Okt 12

Haben Puppen ein Recht am eigenen Bild?

Veröffentlicht von Administrator

Diese Frage stellt sich mir immer wieder, wenn ich Schaufensterpuppen fotografiere. Dann dauert es meist keine zwei Minuten, bis eine eifrige Verkäuferin oder sonstwer auftaucht und Interesse an meinem Tun bekundet. Verbunden ist das dann immer mit einem mehr oder weniger energischen Hinweis, dass Fotografieren verboten sei. Dabei ist es völlig egal, ob ich mich im Laden oder auf der Straße vor einem Schaufenster aufhalte. Zuletzt geschehen in der Augsburger Fußgängerzone nach 21 Uhr vor dem Galeria-Kaufhof-Fenster. Da kommt ein Uniformierter von einer privaten Wachgesellschaft und fragt, was ich da mache. Verdutzt weise ich ihn darauf hin, dass ich die Puppen portraitiere. “Da steht irgendwo was mit fotografieren verboten …” klärt er mich mit einem knappen wirren Satz auf. Auf Nachfrage nach Wortlaut und Fundstelle beruft er sich auf ein imaginäres Recht, nachdem er “das zu bestimmen habe”. Ich habe keine Lust auf Diskussionen und lass ihn mit seinem Recht einfach stehen. Ich habe meine Bilder ja schon gemacht, ab hier 6 neue.
Irgendwie habe ich das Gefühl, dass es stressfreier ist, lebendige Menschen zu fotografieren. Im Laden kann ich das irgendwie nachvollziehen, aber von einer öffentlichen Straße? Wenn jemand eine Idee hat, worauf sich die Puppenrechtler berufen könnten, nur her damit.

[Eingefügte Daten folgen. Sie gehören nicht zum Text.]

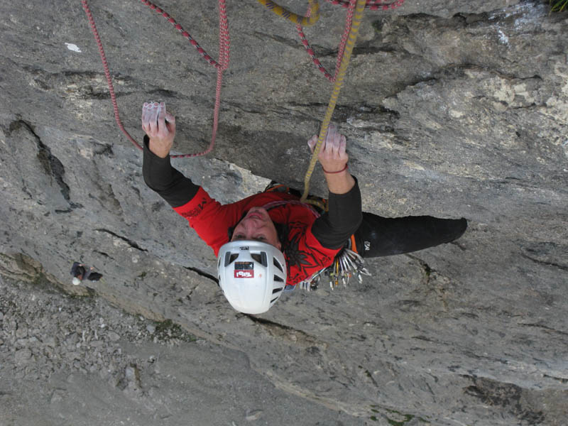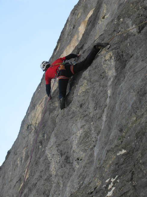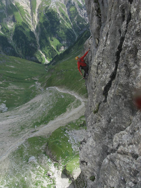 nach relativ kurzweiligem Zustieg laufen wir am Wandfuß ein, als gerade 2 Seilschaften vom Boden abheben. Es braucht etwas, bis wir sie als die alten Freispitzveteranen Wolfi Mayr (mit Antje in “Ohne Heel” ) und Rainer Treppte (mit ? in Zone 40) identifizieren: Dann geht´s für uns auch gleich herb los, die erste Passage der Zone 90 ist ein veritabler Kaltstart in die schwersten Züge der Route. Ich komm zwar diesmal relativ weit, hänge aber schlussendlich doch. Dafür pfeilt Stefan ohne Hänger die Seillänge durch und mir gelingt die nächste mit ihren weiteren Abständen trotz fehlender Alpinadaption ganz ordentlich. Wir kommen gut voran, nach der kurzen 3. Seillänge bekomme ich das Gustostück der Tour, die lange 4. SL mit etwas kniffligem Statr und dann anhaltenden, wunderbaren Felsstrukturen. Die 5. SL ist etwas gemütlicher, die 6. geht lange gut dahin, bis dann am Wulst oben einige härtere Züge beherztes Zupacken erfordern. Auch wenn man dann die gute Schuppe hat, ist´s noch nicht ganz gegessen, denn es ist verdammt steil (nicht rechts raus, sondern gerade und in den Untergriff kommen ist die beste Lösung)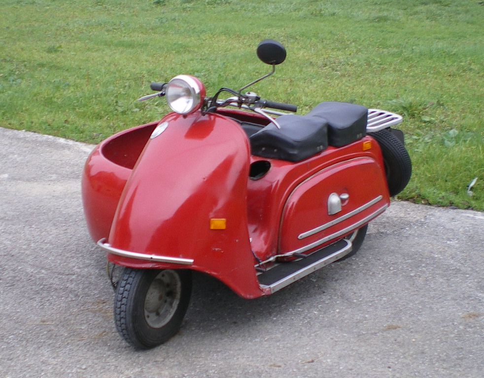 Modell: Rapid 200 mit Beiboot Herstellerland: Österreich Baujahr: 1956 Hubraum: 200 ccm Leistung: 9,5 ps Höchstgechwindigkeit: 75-80 km/h Eigengewicht: 175 kg Bereifung: 4.00-8 Farbe: rot O-Lack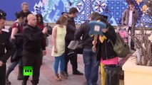 The men, who were wearing St George ribbons which commemorate the victory over Nazi Germany in World War Two, used pepper spray and poured rubbish and green antiseptic over them.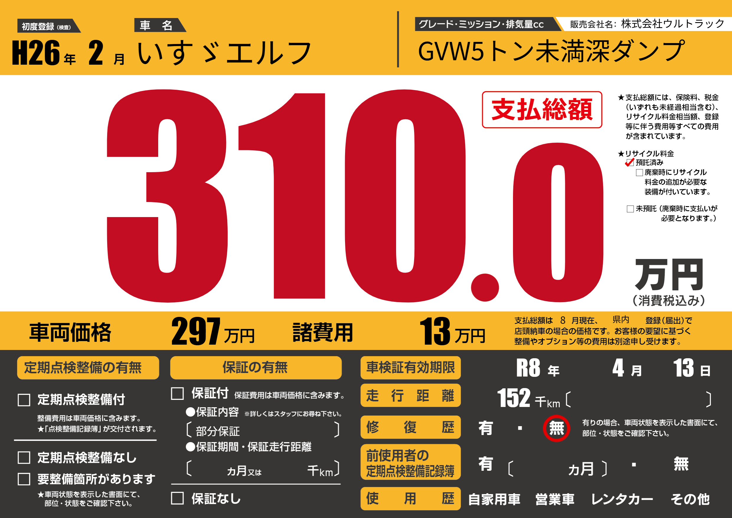 | 走行キロ | 15.2万km | 初年度登録 | H26年2月 |

1 Kommentar zu “Haben Puppen ein Recht am eigenen Bild?”

  1. Paule sagt:

    Mir ist das gestern auch gerade passiert, und meine Frage nach dem “warum?” wurde mit “das ist vom Gesetz her so” eher unbefriedigend beantwortet. Ich habe schon darüber nachgedacht, ob ich vielleicht die künstlerische Leistung des Schaufensterdesigners “geklaut” haben könnte, aber wirklich wahrscheinlich scheint mir das nicht.